D(f_zh(Q),f_en(P))＝||f_zh(Q)-f_en(P)||

where function D represents the euclidean distance between the two vectors being calculated. The smaller the value of D, the greater the similarity representing two vectors, and the higher the probability that two documents describe an entity. For a set of data (Q, P, N), it is clear that:

D(f_zh(Q),f_en(P))＜D(f_zh(Q),f_en(N))

whereupon the problem turns into f_zhAnd f_enSolving; training the two parameters by adopting a deep learning method; the input of the deep learning network is a 300-dimensional vector which consists of (Q, P, N), the Q is output through three fully-connected hidden layers and normalization layers in the middle of the neural network to obtain a vector f_zhBecause (Q), P and N are English documents, a vector f is obtained by outputting through the same three fully-connected hidden layers and normalization layers_en(P) and f_en(N) is provided. Finally, f_zh(Q)，f_en(P) and f_en(N) are defined in the same vector space V^dIn, i.e. f_en(.)∈V^dAnd f is_zh(.)∈V^dD is taken to be equal to 8; the loss function is defined as follows:

loss(Q,P,N)＝max{0,g+D(f_zh(Q),f_en(P))-D(f_zh(Q),f_en(N))}+λ||ω||²

wherein g is a gap parameter used for adjusting the distance between two documents, λ is a regular term coefficient, and ω is a regular term, which represents all parameters of the hidden layer of the neural network. By training the neural network, f can be obtained_zhAnd f_enThe two functions map the document vectors of the Chinese and English wiki pages into the same space. For a pair of Chinese and English wiki pages, two new vectors can be obtained through the neural network, and the result after the two new vectors are spliced serves as a new feature F10.

Further, the step 4) specifically comprises the following steps:

after the feature extraction is completed, 10 features are obtained in total, and the 10 features are spliced to obtain a long vector. The long vector is used as the input of a learning sorting algorithm, a sorting model is trained, and the sorting model is used for sorting the candidate Candidate1000(a) corresponding to the Chinese page a, so that the most similar English page b belongs to the candidate Candidate1000(a) and serves as a cross-language link of a.

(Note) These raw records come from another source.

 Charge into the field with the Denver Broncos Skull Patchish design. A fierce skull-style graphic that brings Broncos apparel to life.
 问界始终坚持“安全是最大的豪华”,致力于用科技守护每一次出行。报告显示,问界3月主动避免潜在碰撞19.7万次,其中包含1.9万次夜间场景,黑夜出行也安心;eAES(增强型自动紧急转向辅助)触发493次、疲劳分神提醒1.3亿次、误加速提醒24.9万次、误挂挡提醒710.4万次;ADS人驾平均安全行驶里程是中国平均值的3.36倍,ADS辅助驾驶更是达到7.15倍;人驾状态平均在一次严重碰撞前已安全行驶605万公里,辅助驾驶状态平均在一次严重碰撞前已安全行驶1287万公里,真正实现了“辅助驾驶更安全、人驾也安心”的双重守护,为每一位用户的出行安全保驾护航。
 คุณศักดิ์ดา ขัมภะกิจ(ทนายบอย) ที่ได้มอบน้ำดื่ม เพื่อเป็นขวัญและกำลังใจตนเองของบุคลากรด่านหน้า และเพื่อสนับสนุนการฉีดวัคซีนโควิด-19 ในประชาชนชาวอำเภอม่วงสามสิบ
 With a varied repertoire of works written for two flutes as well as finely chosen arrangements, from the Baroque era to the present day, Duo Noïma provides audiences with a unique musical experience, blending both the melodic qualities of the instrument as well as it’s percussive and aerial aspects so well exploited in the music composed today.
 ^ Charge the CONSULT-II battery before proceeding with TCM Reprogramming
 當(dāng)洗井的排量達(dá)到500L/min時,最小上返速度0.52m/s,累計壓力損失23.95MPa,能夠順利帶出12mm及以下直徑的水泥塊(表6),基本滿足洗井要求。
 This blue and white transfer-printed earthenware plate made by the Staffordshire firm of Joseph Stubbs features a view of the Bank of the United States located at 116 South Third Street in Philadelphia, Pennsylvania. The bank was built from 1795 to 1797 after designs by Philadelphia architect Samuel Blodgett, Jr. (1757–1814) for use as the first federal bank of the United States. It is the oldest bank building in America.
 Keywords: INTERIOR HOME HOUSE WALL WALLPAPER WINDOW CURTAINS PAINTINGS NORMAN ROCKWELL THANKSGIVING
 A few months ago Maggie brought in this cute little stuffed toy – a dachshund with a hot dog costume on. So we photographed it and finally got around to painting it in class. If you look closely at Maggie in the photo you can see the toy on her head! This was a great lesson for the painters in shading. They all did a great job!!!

Compared with the prior art, the method has the following beneficial effects:

1. the method utilizes the page chain-out link and the existing cross-language link to limit the size of the page of the English cross-language candidate set, thereby greatly reducing the scale of the problem and leading the implementation of the following algorithm to be simpler.

2. According to the method, 3 types of features including artificial features, theme features and document vector features are extracted according to the structural information and the text information of the page, and the features comprehensively reflect the information contained in one page from the semantic angle and the structural angle.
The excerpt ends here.